0

Thanks for taking a look at this question.

I saw the following piece of code inside a traditional for block, but was not sure what its significance was inside its context.

index <<= 1;

For further context, here is the full block of code.

ulong index = 1;
int distance = 0;
for (int i = 0; i < 64; i++)
{
    if ((hash1 & index) != (hash2 & index))
    {
        distance++;
    }

    index <<= 1;
}

Is it simply making sure that index is still 1 and if it isn't, return it's value to 1?

Secondly, what is this called so I can read up on it some more.

Finally, Thank you for your time and consideration for this matter.

MrB
  • 424
  • 2
  • 9

2 Answers2

8

The code in question is spinning through a pair of 64-bit hashes (probably as ulongs, like the index), and checking how many bits differ between them.
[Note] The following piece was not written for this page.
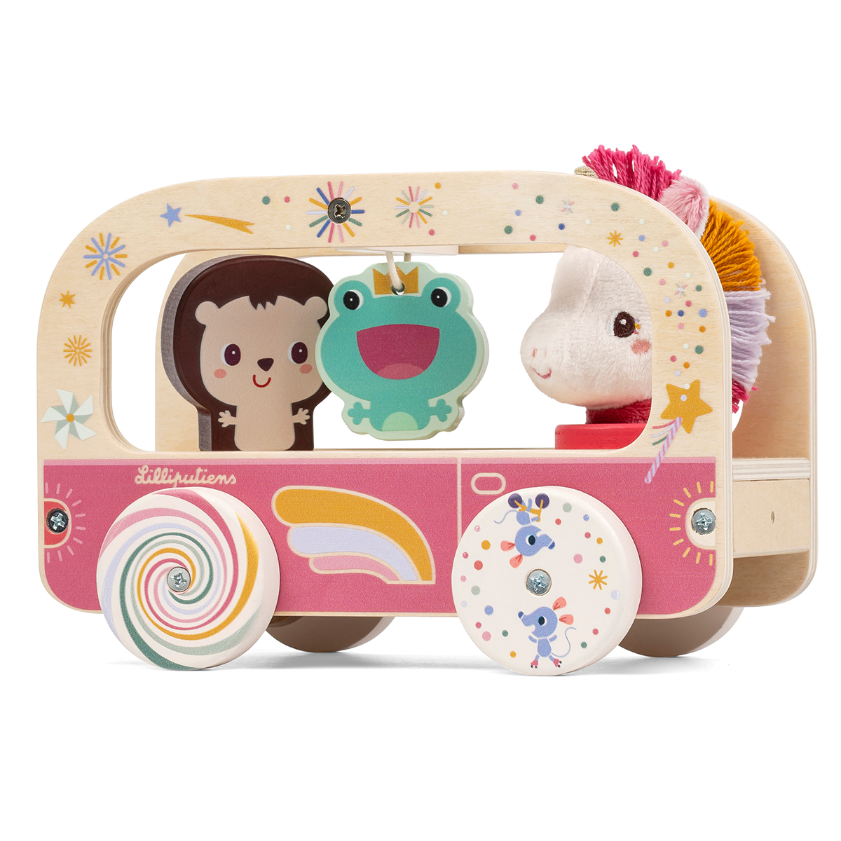 Der Lilliputiens Lena Holzbus ist ein farbenfrohes und spannendes Aktivitätsspielzeug, das die Kleinsten zu Abenteuern einlädt. Der kleine Bus ist für Kinder ab 10 Monaten geeignet und unterstützt die Entwicklung von Motorik, Fantasie und Neugier. Mit beweglichen Figuren, lustigen Details und einer abnehmbaren Schnur kann der Bus geschoben, gezogen und erkundet werden. Der Lilliputiens Lena Holzbus verbindet motorische Übungen, sinnliche Erfahrungen und fantasievolles Spielen in einem Spielzeug. Ideal für Kinder, die die Welt erkunden, rollen und ihre ersten Schritte mit Lena Einhorn und ihren magischen Freunden machen möchten. Pflege: Plüschfigur maschinenwaschbar bei 30 °C, Bus mit feuchtem Tuch abwischbar. Material: Polyester.

I'm going to use 4-bit values for example purposes, but the principle is the same.


 if ((hash1 & index) != (hash2 & index))

The & operator is doing a bitwise-AND operation. When the hash is ANDed with the index value, you get either 0 or the index value back, depending on whether that specific bit was 0 or 1. (1010 & 0010 == 0010 and 1010 & 0100 == 0000).
If both ANDs produce a 0, or both produce the index value, then the two bits of the hash match. Otherwise, they don't, and we distance++; to indicate that they are off by one more bit than we knew of before.

index <<= 1;

This line merely bumps the index digit to the next bit. It does this by taking the old index (which starts as 1, equal to 0001), and left shifting by one place (<< 1), then setting that back into the index variable (<<= instead of <<). So after the first loop, index will be 0010, then 0100, and so on.

This has the effect of multiplying by 2, but that's not its intended use here.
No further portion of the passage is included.